First, the Internet's checksums and message digests are too small (32-bits) and probably are poorly tuned to today's error patterns. The first step in this project is to collect information about the kinds of transmission errors currently happening in the Internet for a comprehensive study. Second, today's file transfer protocols, if they find a file has been corrupted in transit, simply discard the file and transfer it again. Rather, the file transfer protocol should seek to repair the corrupted parts of the file. As the project collects data about errors, it will also design a new file transfer protocol that can incrementally verify and repair files.
CC* Integration-Large: N-DISE: NDN for Data Intensive Science Experiments
The project, N-DISE (Named Data Networking for Data Intensive Science Experiments), aims to accelerate the pace of breakthroughs and innovations in data-intensive science fields such as the Large Hadron Collider (LHC) high energy physics program and the BioGenome and human genome projects. Based on Named Data Networking (NDN), a data-centric architecture, N-DISE will deploy and commission a highly efficient and field-tested petascale data distribution, caching, access and analysis system serving major science programs.
The N-DISE project will design and develop high-throughput caching and forwarding methods, containerization techniques, hierarchical memory management subsystems, congestion control mechanisms, integrated with Field Programmable Gate Arrays (FPGA) acceleration subsystems, to produce a system capable of delivering LHC and genomic data over a wide area network at throughputs approaching 100 Gbits per second, while significantly decreasing download time. In addition, N-DISE will utilize NDN's built-in data security support to ensure data integrity and provenance tracing. N-DISE will leverage existing infrastructure and build an enhanced testbed with four additional high performance NDN data cache servers at participating institutions.
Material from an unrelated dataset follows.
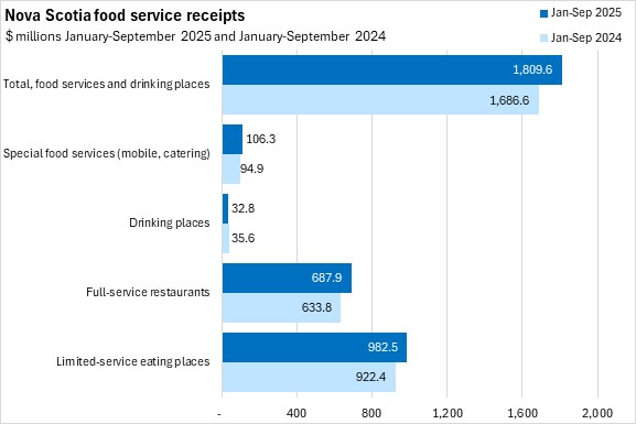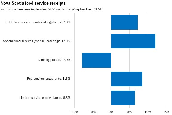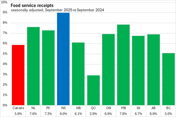 Nova Scotia reported the fastest year-over-year growth in food services and drinking places receipts at 9.0%. Canada's food services and drinking places receipts increased 5.9%. There were year-over-year gains in all provinces. Québec reported the smallest gain.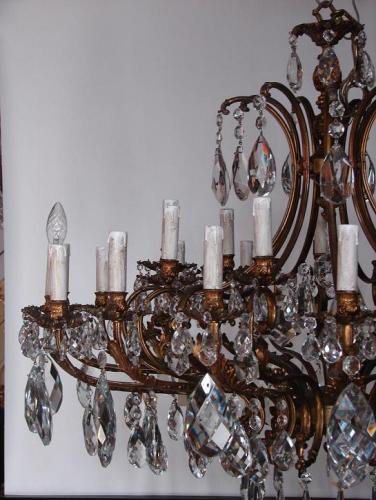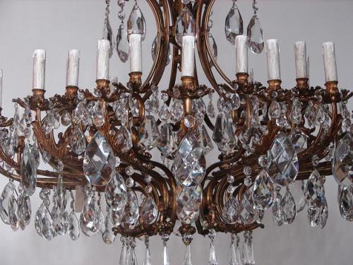 WSPANIAŁY KRYSZTAŁOWY ŻYRANDOL Z PRZEŁOMU XX WIEKU ZDOBIONY RÓŻNEG RODZAJU KRYSZTAŁAMI,ŻYRANDOL WYKONANY ZE ZŁOCONEGO BRĄZY FORMA KLATKOWA, RAMIONA ZDOBIONE LIŚĆMI AKANTU,IDEALNY DO WSPANIAŁEJ REZYDENCJI,APARTAMENTU ,PAŁACYKU CZY DWORKU.UŚWIETNI I NADA DOSTOJNOŚCI KOŻDEMU POMIESZCZENIU W KTÓRYM BĘDZIE SIĘ ZNAJDOWAŁ

CC* Integration-Large: An 'On-the-fly' Deeply Programmable End-to-End Network-Centric Platform for Edge-to-Core Workflows
Unmanned Aerial Vehicles (also known as drones) are becoming popular in the sky. Their application reaches from hobby drones for leisurely activities to life-critical drones for organ transport to commercial applications such as air taxis. The safe, efficient, and economic operation of such drones poses a variety of challenges that have to be addressed by the science community. For example, drones need very detailed, close to the ground weather information for safe operations, and data processing and energy consumption of drones need to be intelligently handled. This project will provide tools that will allow researchers and drone application developers to address operational drone challenges by using advanced computer and network technologies.
This project will provide an architecture and tools that will enable scientists to include edge computing devices in their computational workflows. This capability is critical for low latency and ultra-low latency applications like drone video analytics and route planning for drones. The proposed work will include four major tasks. First, cutting edge network and compute infrastructure will be integrated into the overall architecture to make them available as part of scientific workflows. Second, in-network processing at the network edge and core will be made available through new programming abstractions. Third, enhanced end-to-end monitoring capabilities will be offered. Finally, the architecture will leverage the Pegasus Workflow Management System to integrate in-network and edge processing capabilities.